From: Sean Christopherson
Date: Wed Jun 07 2023 - 23:46:31 EST


On Wed, Jun 07, 2023, Ashok Raj wrote:
> On Wed, Jun 07, 2023 at 10:33:35AM -0700, Sean Christopherson wrote:
> > On Wed, Jun 07, 2023, Ashok Raj wrote:
> > > On Tue, Jun 06, 2023 at 12:41:43AM +0200, Thomas Gleixner wrote:
> > > > >> So parking them via INIT is not completely solving the problem, but it
> > > > >> takes at least NMI and SMI out of the picture.
> > > > >
> > > > > Don't most SMM handlers rendezvous all CPUs? I.e. won't blocking SMIs indefinitely
> > > > > potentially cause problems too?
> > > >
> > > > Not that I'm aware of. If so then this would be a hideous firmware bug
> > > > as firmware must be aware of CPUs which hang around in INIT independent
> > > > of this.
> > >
> > > SMM does do the rendezvous of all CPUs, but also has a way to detect the
> > > blocked ones, in WFS via some package scoped ubox register. So it knows to
> > > skip those. I can find this in internal sources, but they aren't available
> > > in the edk2 open reference code. They happen to be documented only in the
> > > BWG, which isn't available freely.
> >
> > Ah, so putting CPUs into WFS shouldn't result in odd delays. At least not on
> > bare metal. Hmm, and AFAIK the primary use case for SMM in VMs is for secure
>
> Never knew SMM had any role in VM's.. I thought SMM was always native.
>
> Who owns this SMM for VM's.. from the VirtualBIOS?

Yes?

> > boot, so taking SMIs after booting and putting CPUs back into WFS should be ok-ish.
> >
> > Finding a victim to test this in a QEMU VM w/ Secure Boot would be nice to have.
>
> I always seem to turn off secureboot installing Ubuntu :-)

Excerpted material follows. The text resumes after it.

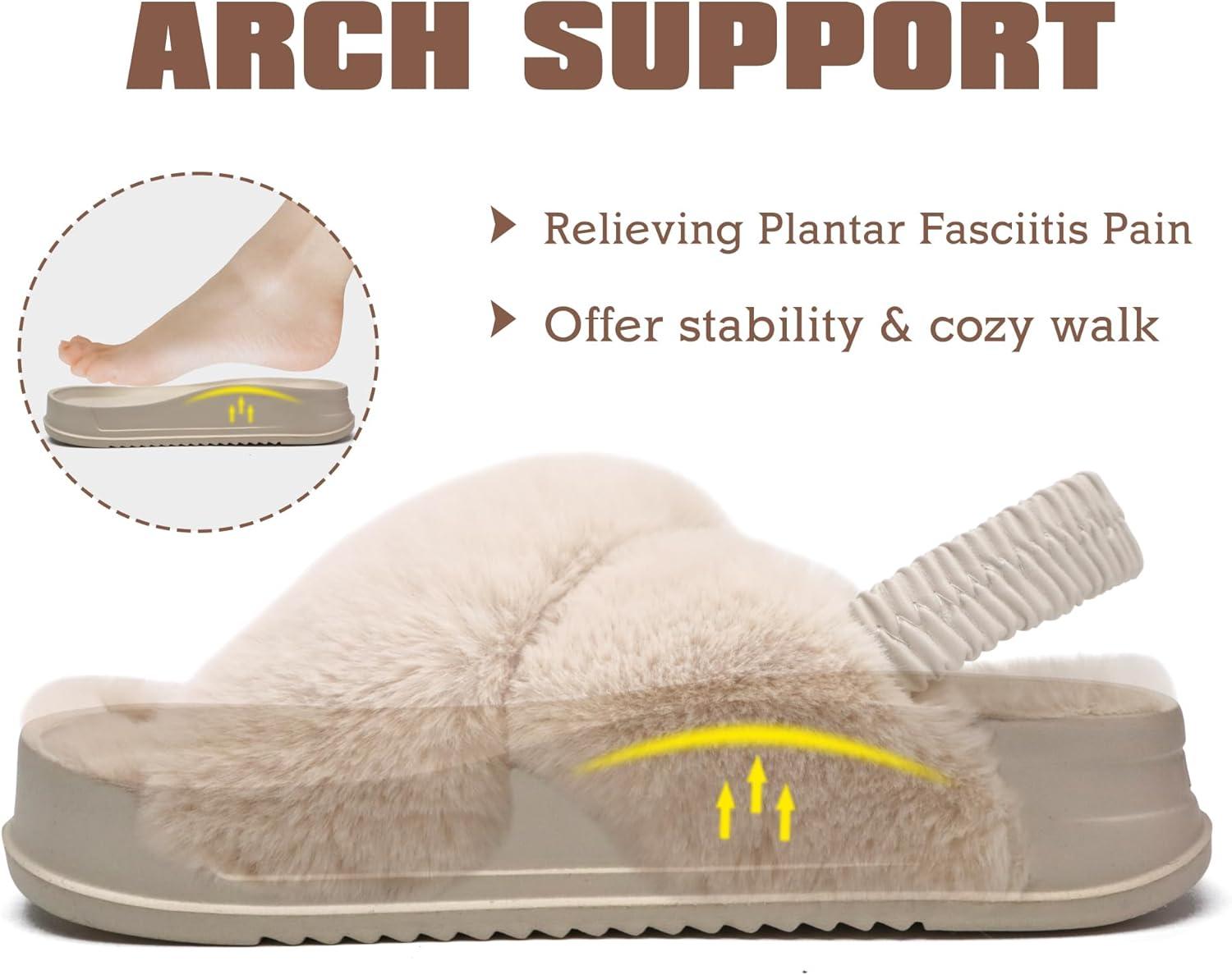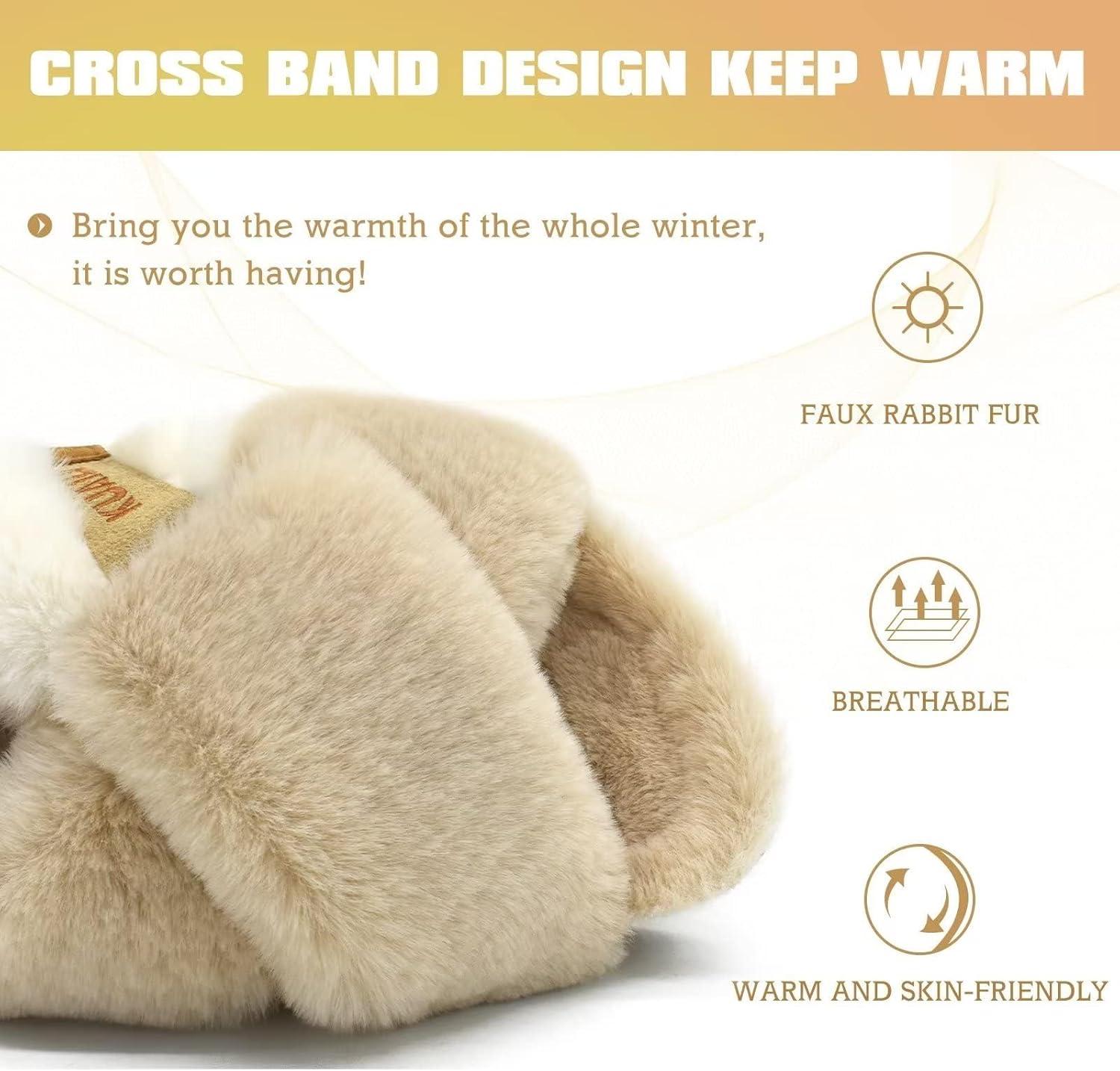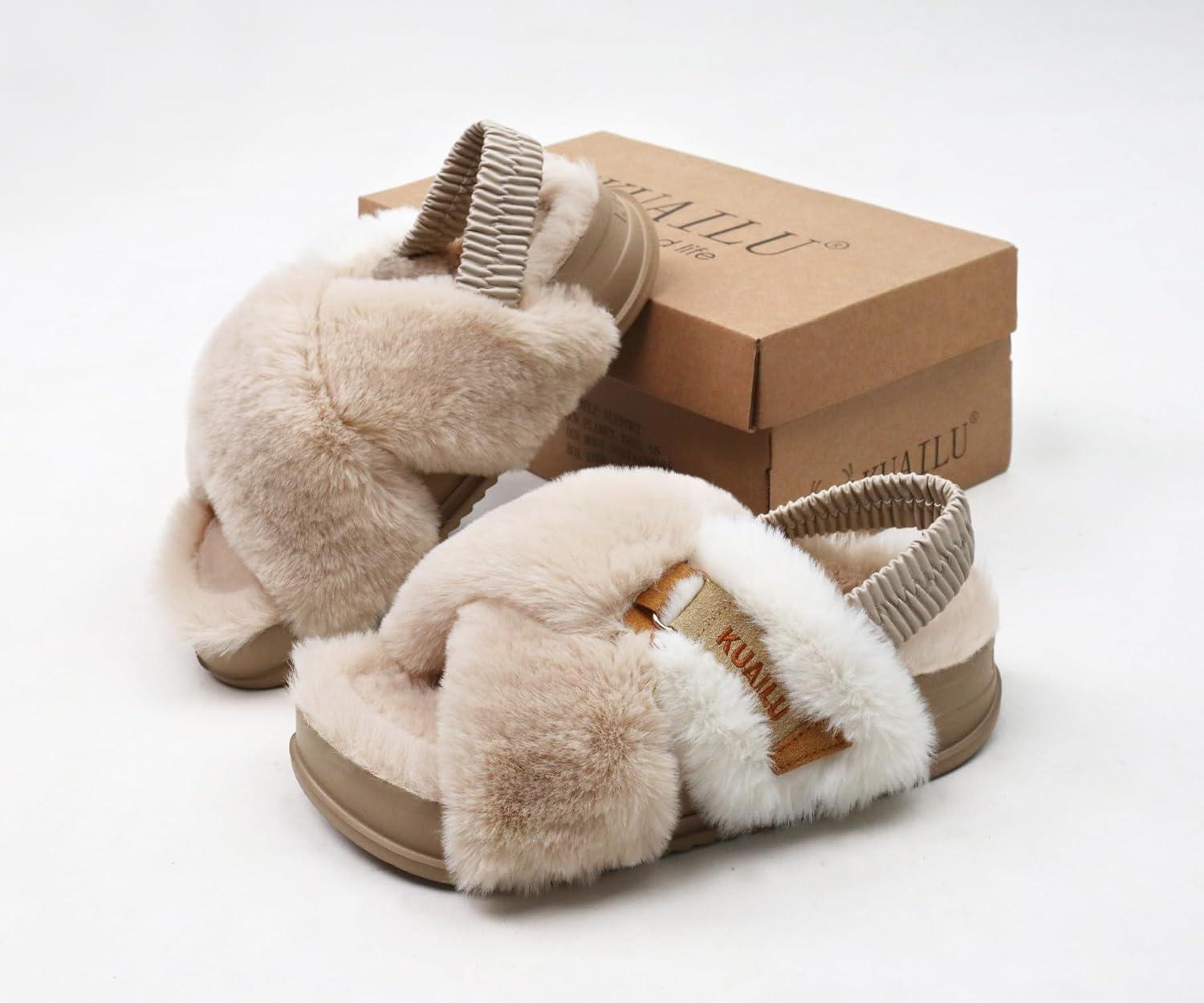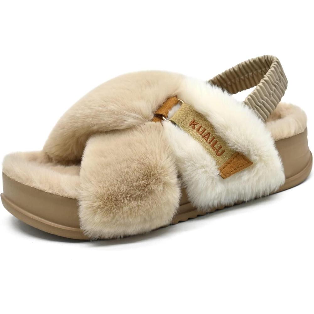 Get your hands on our exclusive KuaiLu Womens Fuzzy Criss Cross Band Platform Slippers Arch Support Furry Faux Fur Ladies Open Toe Cozy Soft Plush Fleece Comfy House Shoes Sandals(Plush Beige) collection, now at a discounted price.

Yeah, I don't utilize it in any of my VMs either.

> I'll try to find someone who might know especially doing SMM In VM.
>
> Can you tell what needs to be validated in the guest? Would doing kexec
> inside the guest with the new patch set be sufficient?
>
> Or you mean in guest, do a kexec and launch secure boot of new kernel?

Yes? I don't actually have hands on experience with such a setup, I'm familiar
with it purely through bug reports, e.g. this one

https://lore.kernel.org/all/BYAPR12MB301441A16CE6CFFE17147888A0A09@xxxxxxxxxxxxxxxxxxxxxxxxxxxxxxxxxxxxxxx

> If there is a specific test you want done, let me know.

Smoke testing is all I was thinking. I wouldn't put too much effort into trying
to make sure this all works. Like I said earlier, nice to have, but certainly not
necessary.